Required work ▸ Each line below needs to be returned exactly. Skip any picture.

Dataset content START

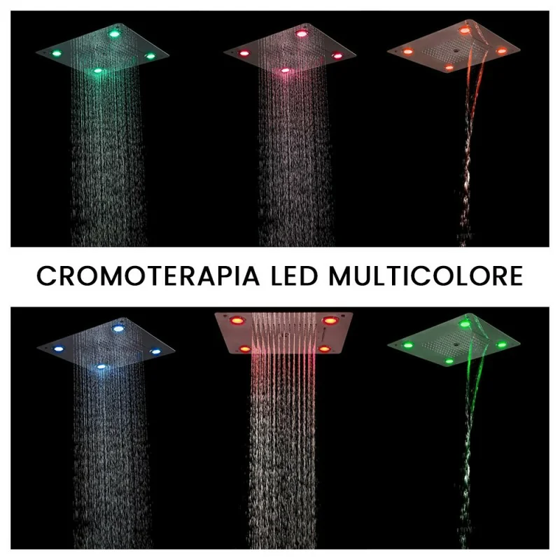 Soffione doccia ad incasso quadrato 50x50 con 3 getti e luci LED
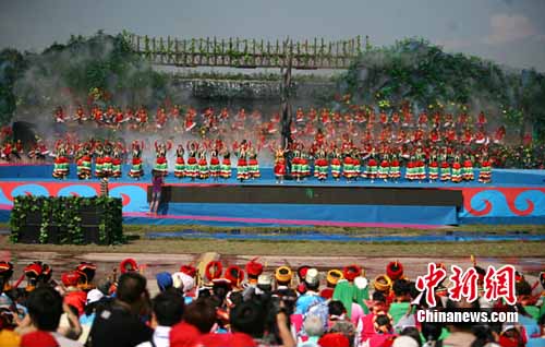 中新網(wǎng)西昌8月4日電(記者劉忠俊)4日上午,四川涼山州西昌市數(shù)千名群眾身著節(jié)日盛裝,跳起了獨(dú)具民族特色的歌舞,拉開了第六屆中國(guó)•涼山彝族國(guó)際火把節(jié)的序幕。
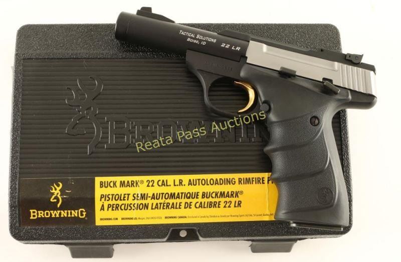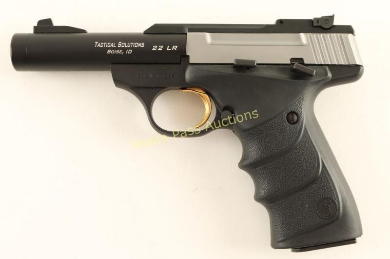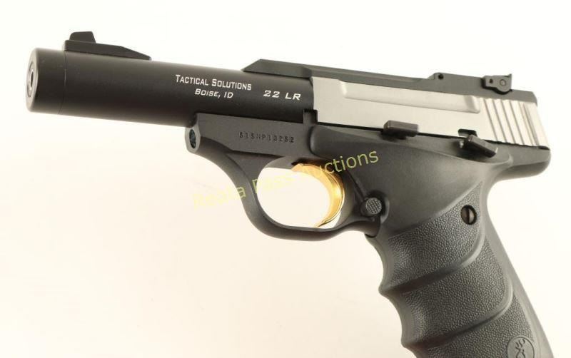 'Field Camper' Customized blowback-operated semi-automatic pistol chambered in .22 Long Rifle, circa 2008. Features a black finished 4" Tactical Solutions threaded barrel, ramped patridge front sight, adjustable rear target sight, stainless steel slide, black anodized frame, serrated gold trigger, thumb safety, push button magazine release, 10 round factory magazine, and Browning one-piece wrap-around black rubber finger groove grips. Includes the original factory hard case with document and tool. Pistol exhibits very little wear with only a couple minor scuffs observed on the frame, action is smooth, bore is excellent and rubber grips are fine. Condition is near new in box. ***Modern Firearm***

Dataset content END

Result ▸
 Soffione doccia ad incasso quadrato 50x50 con 3 getti e luci LED
 中新網(wǎng)西昌8月4日電(記者劉忠俊)4日上午,四川涼山州西昌市數(shù)千名群眾身著節(jié)日盛裝,跳起了獨(dú)具民族特色的歌舞,拉開了第六屆中國(guó)•涼山彝族國(guó)際火把節(jié)的序幕。
 'Field Camper' Customized blowback-operated semi-automatic pistol chambered in .22 Long Rifle, circa 2008. Features a black finished 4" Tactical Solutions threaded barrel, ramped patridge front sight, adjustable rear target sight, stainless steel slide, black anodized frame, serrated gold trigger, thumb safety, push button magazine release, 10 round factory magazine, and Browning one-piece wrap-around black rubber finger groove grips. Includes the original factory hard case with document and tool. Pistol exhibits very little wear with only a couple minor scuffs observed on the frame, action is smooth, bore is excellent and rubber grips are fine. Condition is near new in box. ***Modern Firearm***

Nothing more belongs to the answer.